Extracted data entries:
= Beginning of Section =
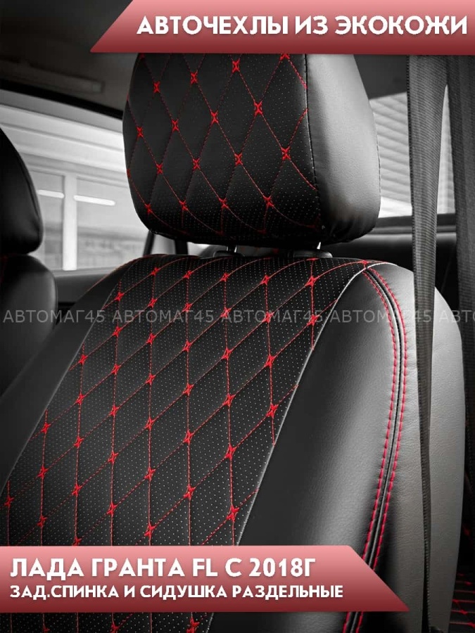 Авточехлы Лада Granta Гранта 2/3 с 08.2018г экокожа черная красная нить ромб Офис
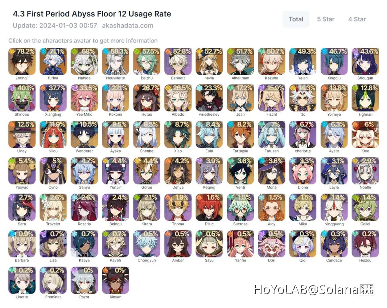 Рейтинг персонажей по частоте использования на 12 этаже в Бездне 4.3 (от 3.01.2024 г.)
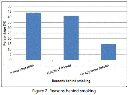 The reason behind smoking was reported to be due to mood alteration (44%) and effects of friends (41%). Less commonly (15%) smoking reported to be without any apparent reason (Figure.2).
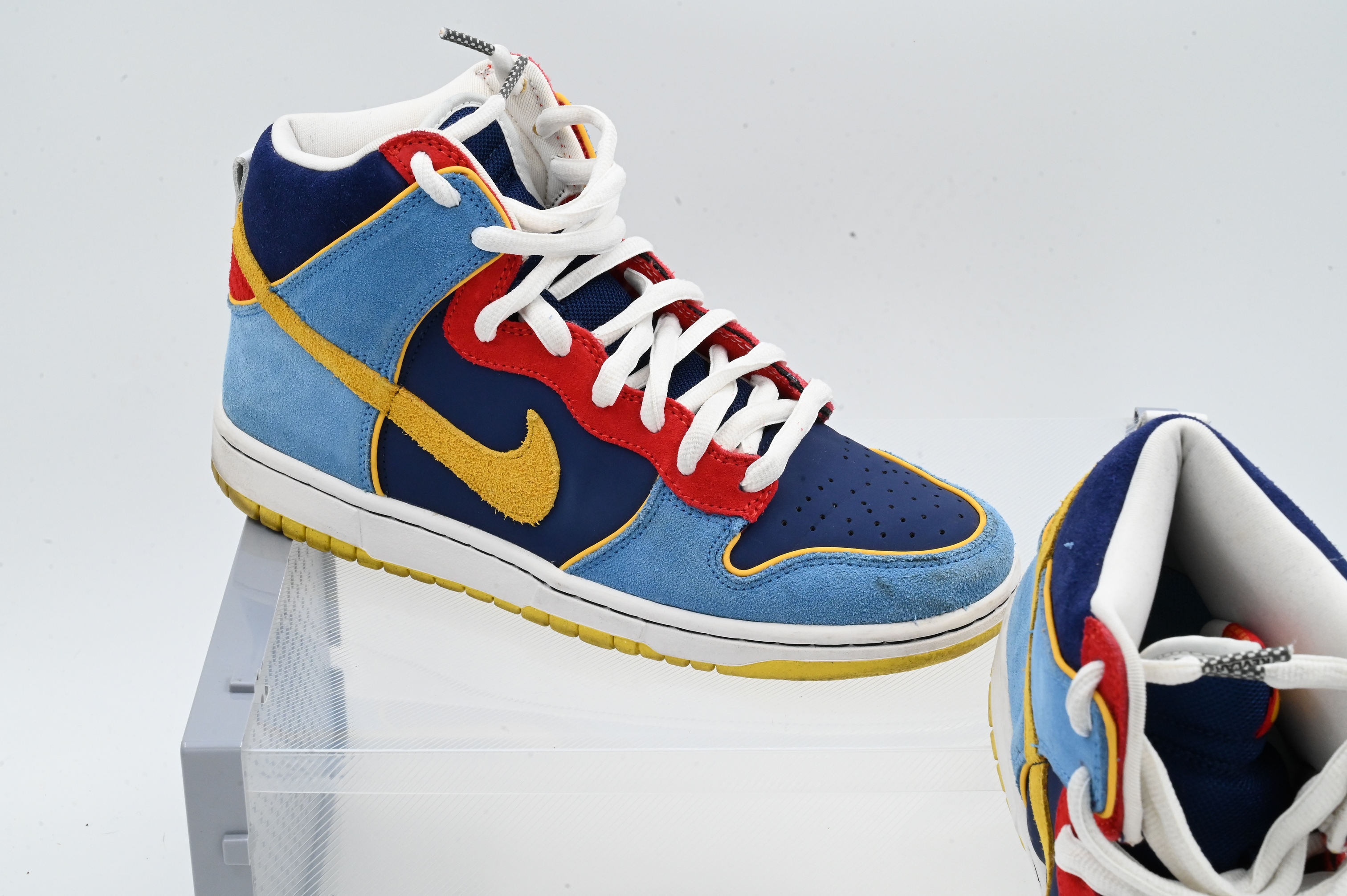 Men’s Nike Sneakers SB Dunk High Pacman in Red, Blue, Yellow, and White
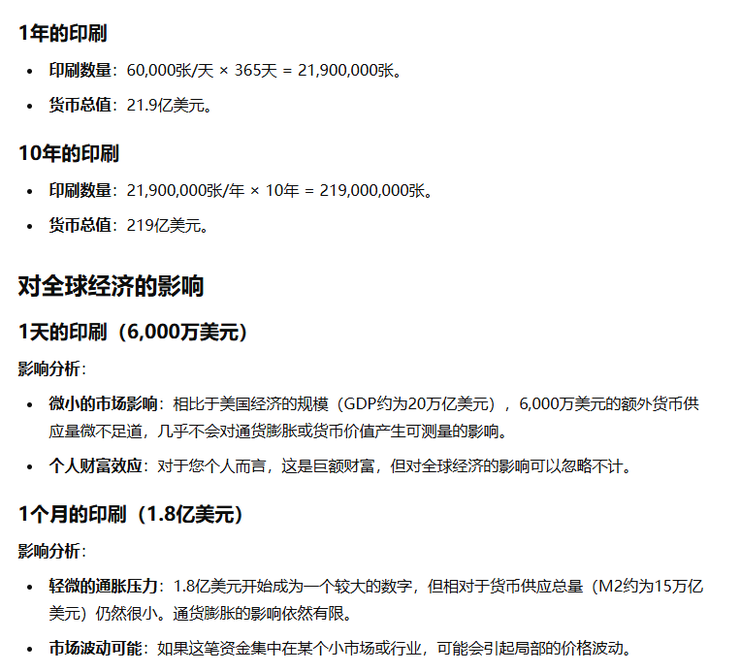其次就是咱们1天能印刷6000万美元。它还贴心的给出了安全期就是1个月印刷1.8亿美元只会引起小市场局部波动。印刷1年能得到21.9亿美元会引起轻微通货膨胀并刷新剧情事件「佛波勒敲门」。
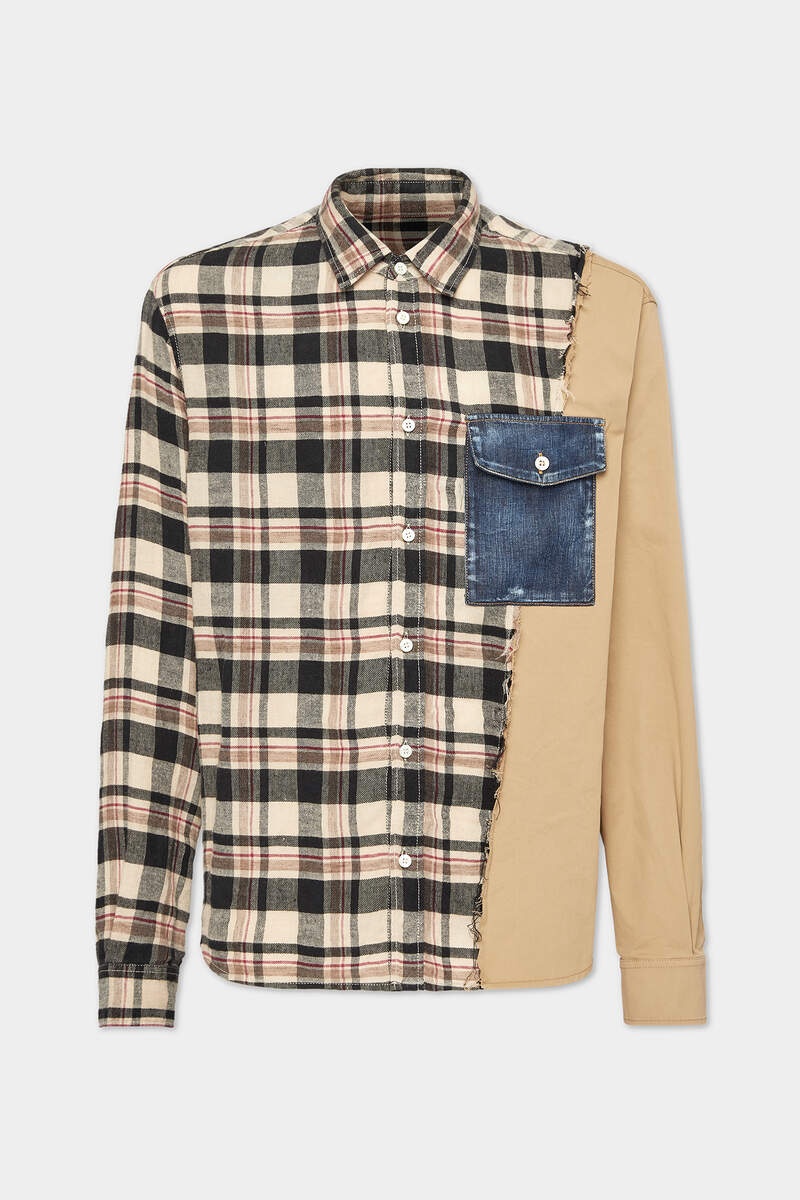 - PRODUCT ID: S74DM0837D35076002F - YARN-DYED MICRO CHECKERED LINEN SHIRT - WASHED STRETCH DENIM AND COTTON POPLIN DETAILS - FLAPPED BREAST POCKET - FIT: LOOSE - BUTTON FASTENING - BUTTONS ON CUFFS - YOKE - CURVED HEM FABRIC 1: 100% LINEN FABRIC 2: 97% COTTON, 3% ELASTANE Patchwork is the distinctive element of this shirt that assembles linen checkered fabric with cotton poplin. The denim detail adds a dash of character that makes the garment unique and to pair with jeans or multipocketed pants.
= End of Section =
(WORK REQUIRED) Pictures aside, return all the entries above exactly.

(THE ANSWER)
 Авточехлы Лада Granta Гранта 2/3 с 08.2018г экокожа черная красная нить ромб Офис
 Рейтинг персонажей по частоте использования на 12 этаже в Бездне 4.3 (от 3.01.2024 г.)
 The reason behind smoking was reported to be due to mood alteration (44%) and effects of friends (41%). Less commonly (15%) smoking reported to be without any apparent reason (Figure.2).
 Men’s Nike Sneakers SB Dunk High Pacman in Red, Blue, Yellow, and White
其次就是咱们1天能印刷6000万美元。它还贴心的给出了安全期就是1个月印刷1.8亿美元只会引起小市场局部波动。印刷1年能得到21.9亿美元会引起轻微通货膨胀并刷新剧情事件「佛波勒敲门」。
 - PRODUCT ID: S74DM0837D35076002F - YARN-DYED MICRO CHECKERED LINEN SHIRT - WASHED STRETCH DENIM AND COTTON POPLIN DETAILS - FLAPPED BREAST POCKET - FIT: LOOSE - BUTTON FASTENING - BUTTONS ON CUFFS - YOKE - CURVED HEM FABRIC 1: 100% LINEN FABRIC 2: 97% COTTON, 3% ELASTANE Patchwork is the distinctive element of this shirt that assembles linen checkered fabric with cotton poplin. The denim detail adds a dash of character that makes the garment unique and to pair with jeans or multipocketed pants.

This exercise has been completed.